Thursday, July 27, 2017

Deceive, inveigle, obfuscate--false discount claims still don't cause cognizable injury

Mulder v. Kohl’s Department Stores, Inc., --- F.3d ----, 2017 WL 3167620, No. 16-1238 (1st Cir. Jul. 26, 2017)

Mulder bought several items that listed both purchase prices and significantly higher “comparison prices.” Mulder alleged that these comparison prices were inflated and invented, and that Kohl’s misled unsuspecting consumers about the quality of its products. The court of appeals affirmed the district court’s grant of a motion to dismiss.  She simply didn’t suffer relevant injury under Massachusetts Chapter 93A.  Even allegations that Mulder was “induced” to travel to a Kohl’s store by false advertising and that she therefore suffered a resulting economic injury in the form of travel expenses wasn’t good enough.  She didn’t explain how deceptive statements on a price tag could have caused her to travel to Kohl’s in the first place, and didn’t identify other deceptive ads with the requisite specificity.

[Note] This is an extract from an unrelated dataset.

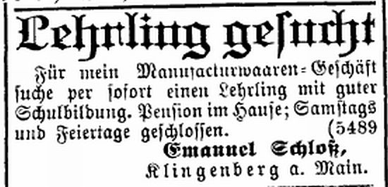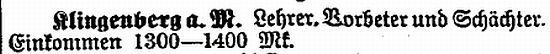 Klingenberg. Um 1897/99 war er Lehrer Grünfeld aus Kleinwallstadt, der den
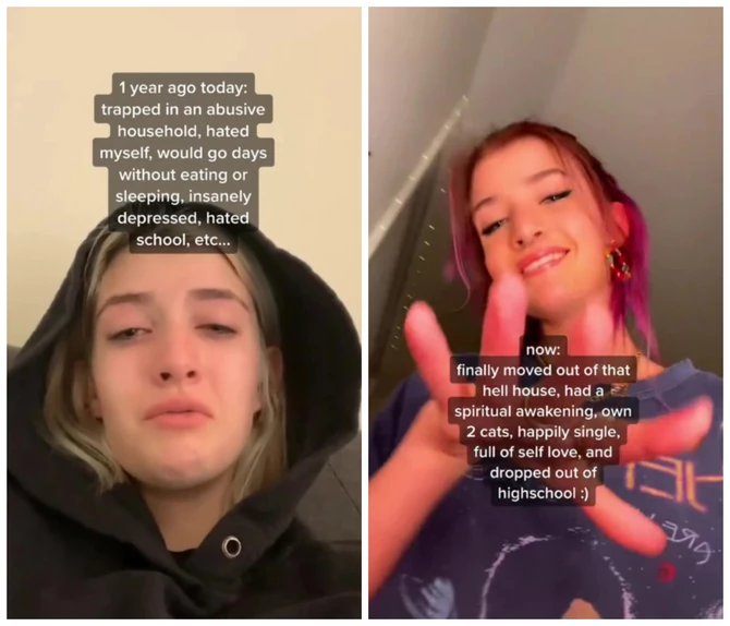 Тогаш снимката се менува и ја гледаме оваа тинејџерка насмеана, добро расположена и со виолетова коса. „Сега: конечно се иселив од пеколната куќа, имав духовно будење, имам две мачки, среќно сум слободна, полна со љубов за себе и го напуштив средното училиште“, ја опишала моменталната состојба.

A false sense of value isn’t the requisite identifiable injury, distinct from the claimed deceptive conduct itself, required by Massachusetts law. “[A]bsent allegations of real loss grounded in some objective measure, [an] ‘induced purchase’ theory of injury is simply the ‘per se’ theory of injury in new clothing.”  So too with the “induced travel” theory, which, if accepted, “would render meaningless the SJC’s clear rule against ‘per se’ or ‘deception-as-injury’ claims.”

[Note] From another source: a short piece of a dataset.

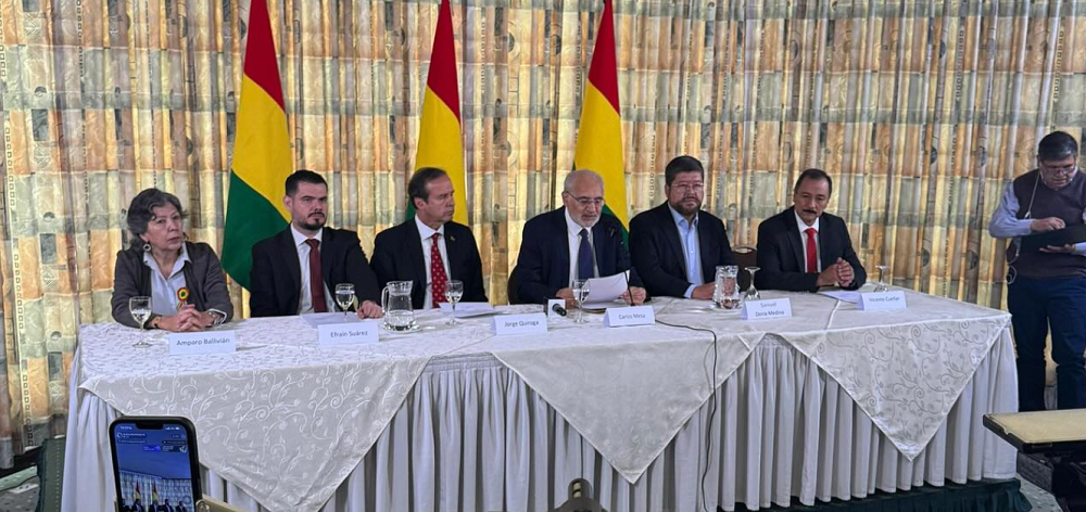 “En esta ocasión tengo el gusto de comunicar al pueblo boliviano la incorporación de Vicente Cuéllar y Amparo Ballivián a la unidad de la oposición democrática boliviana. Ambos se convierten, como nosotros, en precandidatos y entre quienes la población elegirá a un candidato de la unidad”, dijo Mesa.

The same conclusions are also provided in Shaulis v. Nordstrom, Inc., -- F.3d --, 2017 WL 3167619, No. 15-2354 (1st Cir. Jul. 26, 2017). Shaulis argued that the sweater she bought, allegedly due to the price misrepresentation, was “worth nothing at all to [her] since she never would have bought it” absent Nordstrom’s deception. But she received the benefit of her bargain, and didn’t allege that there were flaws in the sweater that made it worth less than what she paid.  Subjective belief in value isn’t a legally cognizable injury under Chapter 93A.

Of possible interest: the court of appeals rejected Shaulis’ analogy to “fake-Rolex hawking” because “falsely advertising a watch as a ‘Rolex’ is a material misstatement about the watch’s quality.”  But this is obviously insufficient as a distinction!  According to Shaulis’ complaint, so was the discount claim—and the court of appeals supposedly accepts her claim that she was materially misled (that is, that she changed her behavior because of the misrepresentation).  Why then is not a factual inquiry required to determine whether the fake Rolex-buyer received the benefit of her bargain?  Arguably there is a drop in resale price once the fakery is revealed—but if the initial price were low enough, that shouldn’t matter.  The point being that the court of appeals carefully distinguishes deception from injury when it comes to the price representations, but not when it comes to the fake Rolex, because trademark is different.

The court of appeals did note that Shaulis might well have inferred greater value from the deceptive price tag, and that Nordstrom could have hoped that consumers would make that inference.  “Indeed, it is presumably just this kind of erroneous inference that Massachusetts seeks to prevent by regulation.”  Still, that doesn’t mean there was injury under Chapter 93A. This essentially means that there is no private cause of action, because without injury there can’t be injunctive relief either, for conduct banned by Massachusetts consumer protection law.  But the AG can still enforce the law.

Shaulis’s common law claims -- for fraud, unjust enrichment, and breach of contract – failed for basically the same reasons.